Exercise details: For the entries below, copy exactly the line that contains "LJUSKRONA MED 6" through the line that contains "120cm Computer Desk", both ends included, and exclude all pictures.

Entries provided:
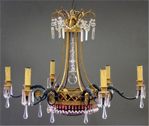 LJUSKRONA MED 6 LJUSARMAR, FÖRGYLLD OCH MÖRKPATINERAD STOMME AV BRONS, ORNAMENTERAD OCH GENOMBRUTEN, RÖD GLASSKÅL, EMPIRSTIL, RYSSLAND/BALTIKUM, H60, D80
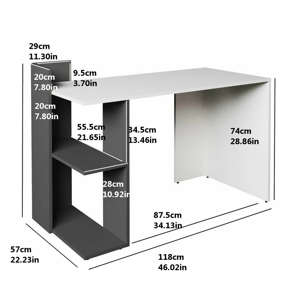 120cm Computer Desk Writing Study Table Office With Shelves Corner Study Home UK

...

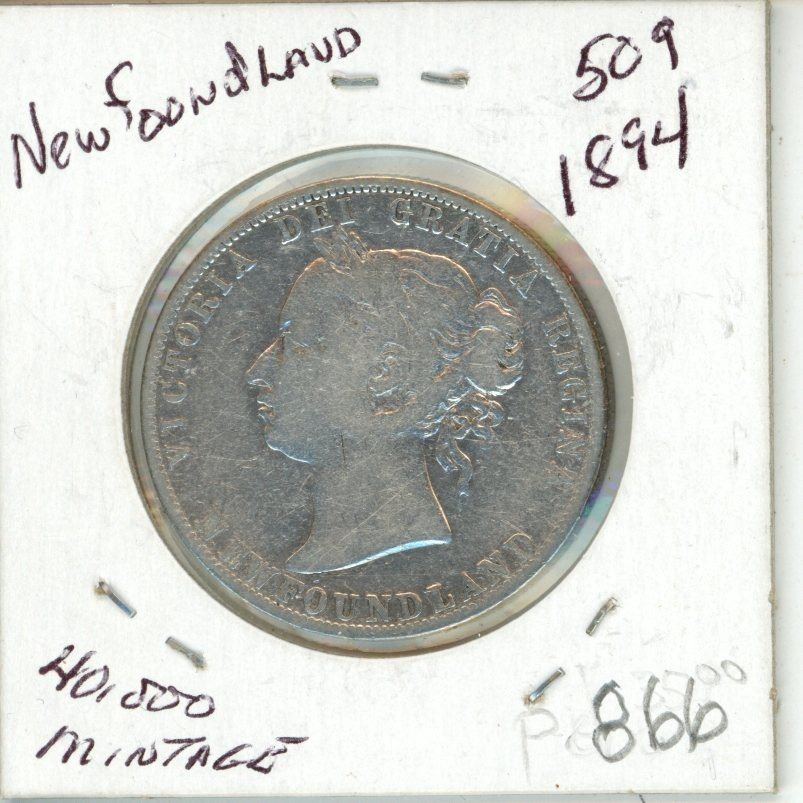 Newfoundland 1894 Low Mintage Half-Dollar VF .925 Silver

Answer section:
 LJUSKRONA MED 6 LJUSARMAR, FÖRGYLLD OCH MÖRKPATINERAD STOMME AV BRONS, ORNAMENTERAD OCH GENOMBRUTEN, RÖD GLASSKÅL, EMPIRSTIL, RYSSLAND/BALTIKUM, H60, D80
 120cm Computer Desk Writing Study Table Office With Shelves Corner Study Home UK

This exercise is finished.